6. Reinstatement Inspection
If the original warranty or previous Service Agreement for any Product has expired, a reinstatement inspection by Seller, which confirms that such Product has been properly maintained, will be required before Seller will provide the Services for such Product under this Agreement. If reinstatement inspection is required, Buyer will be separately billed for the costs for reinstatement inspection. The fees for Services do not include reinstatement inspection.
7. Warranty and Disclaimer
The Services are provided “As Is” without any warranties of any kind. Except as provided in the terms and conditions of sale of the Product, Seller hereby disclaims all warranties, whether express, implied, or statutory, regarding the Services, the Products, and the Replacement Parts, including any warranties of merchantability, fitness for a particular purpose, title, and non-infringement of third-party rights.
8. Limitation of Liability
In no event will Seller be liable for any consequential, indirect, exemplary, special, or incidental damages, including any lost profits, arising from or relating to the Services even if Seller has been advised of the possibility of such damages. Seller’s total cumulative liability in connection with the Services, whether in contract or tort or otherwise, will not exceed the fees paid for the Services. One or more claims will not enlarge this limit.
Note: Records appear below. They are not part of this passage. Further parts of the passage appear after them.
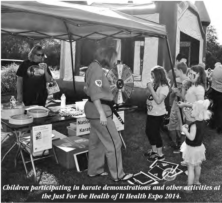
Children participating in karate demonstrations and other activities at the Just For the Health of It Health Expo 2014.

residents after continuing to hear from residents the great need for affordable dental services and the gap that exists within the community. The Dental Access Network is a program designed to help connect low income, uninsured Township residents with dental providers in the community to access and receive needed dental services at an affordable cost. We have partnered with several dentists in our community who have graciously volunteered to be a part of this program and provide these valuable dental services to residents at significantly reduced rates.
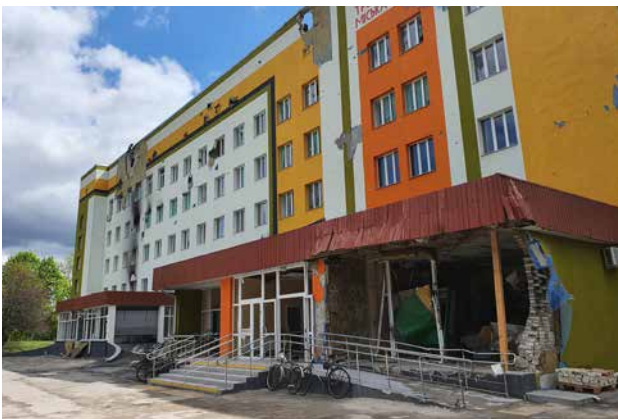
Trostyanets hospital is a new build hospital with a well-equipped polyclinic. Due to shelling and bombing, a lot of equipment and parts of the buildings were destroyed. The hospital leadership is very engaged in restoring the function of all hospital departments as fast as possible

The perception of Russian soldiers seems also defined by the destruction and litter they left behind. In all the localities the monitoring team visited, looting of shops,
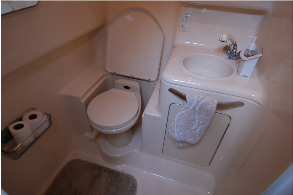
Head with Shower
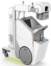
ADVANCED X RAY
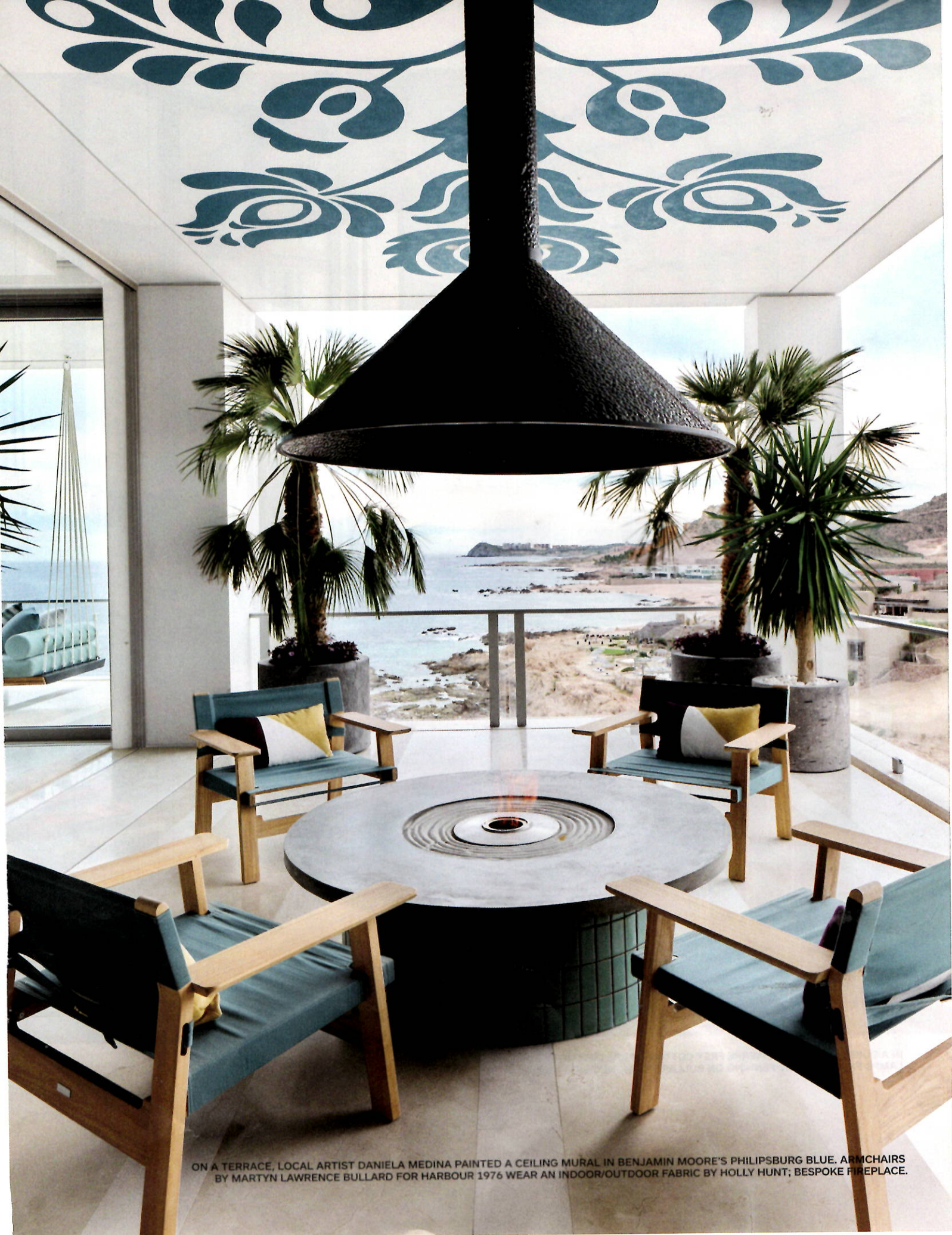
ON A TERRACE, LOCAL ARTIST DANIELA MEDINA PAINTED A CEILING MURAL IN BENJAMIN MOORE'S PHILIPSBURG BLUE. ARMCHAIRS BY MARTYN LAWRENCE BULLARD FOR HARBOUR 1976 WEAR AN INDOOR/OUTDOOR FABRIC BY HOLLY HUNT; BESPOKE FIREPLACE.
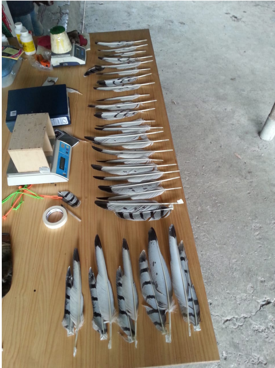
Feathers being prepared for the imping session

The transmitter gave us information for about 5 months (until February 2017) where it suddenly stopped transmitting data. We believe the individual was killed but we cannot confirm that because we could not try to retrieve the transmitter since the area was inaccessible and we were not even sure it was going to be there. The local authorities were supposed to be doing the environmental education in the release area but the community told us they never went, which means the conflict with the eagle was ongoing. One of the things we need the most is funding to visit these areas of conflict and start educating to mitigate that conflict, thus reducing the chances of another eagle getting shot and killed.
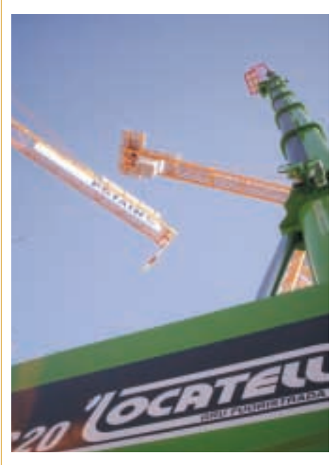
Locatelli has delivered more than 50 units of its AC 20 since its launch at bauma 2001.

and duties of the AT," - 43 m with pin-lock on the latest GMK 3055, or an alternative full-power on the GMK 3050-1.
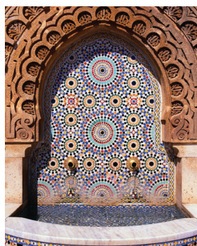
Traditional Moroccan tile work

Day 11: Marrakech Once the capital of southern Morocco, the imperial city of Marrakech is an alluring oasis with a temperate climate, distinct charm, and fascinating sights. A day-long tour includes the beautifully proportioned Koutoubia Mosque with its distinctive 282-foot minaret visible from miles away; the beautiful Andalusian-style El Bahia Palace and the ruins of the 16 th -century Palais El Badii. After lunch at the hotel, embark mid-afternoon on a walking tour of the medina , ending at Djemaa el Fna Square, a UNESCO site and the
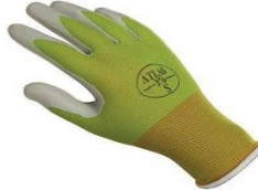
Back by popular demand! - Nitrile Gardening Gloves
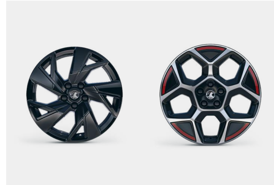
17-inch alloy wheel. 18-inch alloy wheel (extra cost option).**
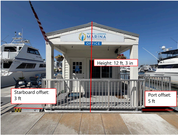
Photograph 1 Bow of Marina Office
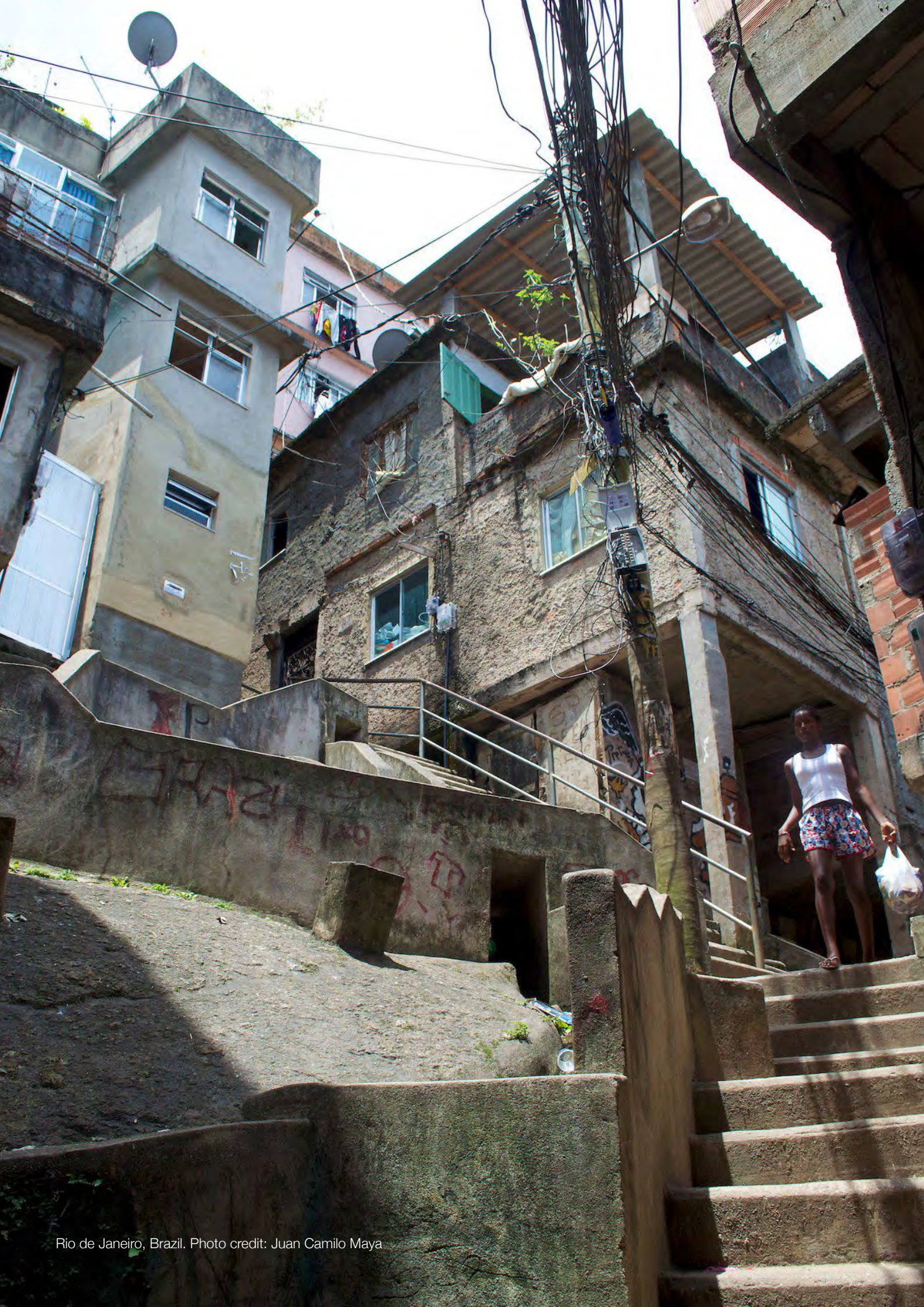
Rio de Janeiro, Brazil.

Buyer will defend, indemnify, and hold Seller harmless from any and all claims, losses, damages, debts, settlements, costs, attorneys' fees, expenses and liabilities of any type whatsoever (collectively referred to as "Claims") arising from or related to any injury to employees or contractors of Seller caused by improper installation or use of a Product by Buyer, power supply used by Buyer with a Product, or any material processed by a Product. Seller will have the right to participate in or conduct the defense of such Claim with counsel of its own choice. Seller will use reasonable effort to promptly notify Buyer of any such Claim. No settlement of a Claim will be binding on Seller without its prior written consent.
10. Terms and Termination
Either party may terminate a Service Agreement, effective immediately, if the other party commits a material breach of the terms and conditions herein and fails to cure such breach within thirty (30) days after receiving written notice thereof.
11. Independent Contractor
The parties are acting hereunder as independent contractors and not as partners, agents, fiduciaries, or joint venturers. Neither party has the power or authority to represent, act for, bind, or otherwise create or assume any obligation on behalf of the other party.
12. Force Majeure
Any delay in the performance of any duties under Warranty or a Service Agreement (except for payment of fee owed) by either party will not be considered a breach if such delay is caused by a labor dispute, shortage of materials, fire, earthquake, flood, or other event beyond the control of such party, provided that such party uses reasonable efforts to notify the other party of the circumstances causing the delay and to resume performance as soon as possible.